He said he had been in government for 33 years but did not want to end his career "serving the crimes of this regime", adding: "I have preferred to do what is right although I know that this regime will burn my house and persecute my family."

Syrian security forces have killed more than 7,500 civilians during the crackdown on pro-democracy protests, according to the United Nations, and the outside world has proved powerless to halt the killing.

While saying very preliminary military planning was under way, U.S. Defense Secretary Leon Panetta on Wednesday defended U.S. caution in trying to end the violence, despite criticism from legislators who questioned how many people would have to die before the Obama administration used force.

U.N. humanitarian chief Valerie Amos saw a scene of devastation and near desertion on Wednesday when she visited the Baba Amr district of the city of Homs that was shelled by the military for nearly a month after becoming a rebel holdout.

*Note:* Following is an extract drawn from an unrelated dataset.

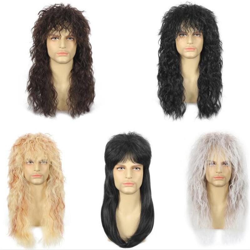 70-е 80-е рок-звезда косплей парик рокер черный коричневый светлые волосы панк пушистый пышные парики для вечеринки на Хэллоуин маллет рок-аксессуары

Assad appointed Hussameldin, 58, to his current position through a presidential decree in 2009. He said the country's economy was "near collapse". There was no mention of the defection on Syrian state media.

Opposition sources say the government, controlled by Assad's minority Alawite sect that has dominated power in Syria for the past five decades, has effectively stopped functioning in provinces that have been at the forefront of the uprising, such as Homs and the northwest province of Idlib.

But public defections have remained rare among the civilian branches of the state, despite thousands of the mostly Sunni soldiers and conscripts who make the bulk of the army deserting since the uprising broke out last March.

A convoy from the International Committee of the Red Cross has been unable to enter Baba Amr since arriving in Homs on Friday, a day after the district fell to the Syrian military.

Russia, one of Assad's few remaining allies, has, with China, blocked U.N. Security Council resolutions calling for him to step aside. Its U.N. envoy on Wednesday accused Libya's new rulers of running a training centre for Syrian rebels and arming the fighters in their battle to overthrow Assad.

In another effort to stop the violence, former U.N. chief Kofi Annan plans his first visit to Damascus as joint envoy of the United Nations and the Arab League on Saturday.